Je souffre d’angoisse depuis plusieurs années, peut-être depuis toujours. J’ai besoin d’être accompagnée pour vivre avec ce trouble envahissant. Quand je travaillais, ma tâche me donnait un statut qui me permettait de montrer une certaine assurance. Mon mantra était : « reste professionnelle ». Mais la cessation de mon activité m’a placée impitoyablement face à moi-même.

Plus de cadre rassurant et stimulant. Vacuité et solitude se sont installées. Alors, je suis venue m’installer à Chartres pour être près de ma fille et de mon petit-fils. Puis, je me suis lancée dans une foule d’activités.

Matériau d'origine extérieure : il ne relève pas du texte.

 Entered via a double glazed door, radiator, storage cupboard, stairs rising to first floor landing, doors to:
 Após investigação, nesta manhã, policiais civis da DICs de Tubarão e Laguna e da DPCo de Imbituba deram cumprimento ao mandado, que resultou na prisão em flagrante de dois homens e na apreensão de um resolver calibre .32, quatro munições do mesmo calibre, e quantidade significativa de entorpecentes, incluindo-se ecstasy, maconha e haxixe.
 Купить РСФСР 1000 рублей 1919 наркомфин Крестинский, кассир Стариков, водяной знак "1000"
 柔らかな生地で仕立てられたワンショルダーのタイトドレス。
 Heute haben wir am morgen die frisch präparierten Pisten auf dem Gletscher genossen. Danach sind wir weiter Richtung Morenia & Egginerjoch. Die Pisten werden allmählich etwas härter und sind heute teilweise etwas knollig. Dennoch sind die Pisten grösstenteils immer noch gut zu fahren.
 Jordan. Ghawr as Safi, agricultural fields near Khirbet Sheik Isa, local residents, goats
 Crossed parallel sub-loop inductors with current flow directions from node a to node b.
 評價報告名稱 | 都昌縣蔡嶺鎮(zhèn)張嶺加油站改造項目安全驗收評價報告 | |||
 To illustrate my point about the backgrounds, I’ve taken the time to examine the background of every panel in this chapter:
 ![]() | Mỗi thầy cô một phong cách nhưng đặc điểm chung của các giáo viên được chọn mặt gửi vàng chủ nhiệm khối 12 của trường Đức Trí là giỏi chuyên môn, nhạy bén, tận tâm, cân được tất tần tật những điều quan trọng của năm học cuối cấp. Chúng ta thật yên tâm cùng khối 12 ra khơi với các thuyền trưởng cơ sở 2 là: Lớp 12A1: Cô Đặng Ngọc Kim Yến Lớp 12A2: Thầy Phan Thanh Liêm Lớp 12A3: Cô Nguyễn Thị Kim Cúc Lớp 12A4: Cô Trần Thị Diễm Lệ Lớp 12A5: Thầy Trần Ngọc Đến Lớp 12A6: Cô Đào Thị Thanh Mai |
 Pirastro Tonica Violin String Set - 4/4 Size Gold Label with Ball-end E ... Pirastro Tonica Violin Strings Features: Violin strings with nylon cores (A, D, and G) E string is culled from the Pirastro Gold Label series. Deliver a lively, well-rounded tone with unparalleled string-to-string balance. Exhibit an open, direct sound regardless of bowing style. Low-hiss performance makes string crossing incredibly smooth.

Les années passant, ma fille a eu un autre petit garçon, puis s’est séparée de son mari. De plus, elle a déscolarisé ses enfants. Du coup, elle compte régulièrement sur moi. J’ai aménagé mon appartement afin de les accueillir dans de bonnes conditions et de leur donner toute latitude pour développer leur créativité. L’autre jour, ma belle-fille m’a dit : « Ici, c’est le paradis des enfants ». Quel plaisir pour moi !

Dans mes relations avec les autres, je suis tolérante, compatissante, à l’écoute. Je ne supporte pas de blesser quelqu’un. Revers de la médaille : je suis toujours à ménager la chèvre et le chou, du coup on m’a déjà reproché ma lâcheté. Ceci est très subjectif et n’a plus vraiment d’intérêt.

Aujourd’hui, j’ai fait le tri dans mes activités. Je ne suis plus hyperactive. Je prends du temps pour faire des choses inutiles que j’aime : lire, écrire, écouter de la musique, faire des jeux, regarder des films et des séries.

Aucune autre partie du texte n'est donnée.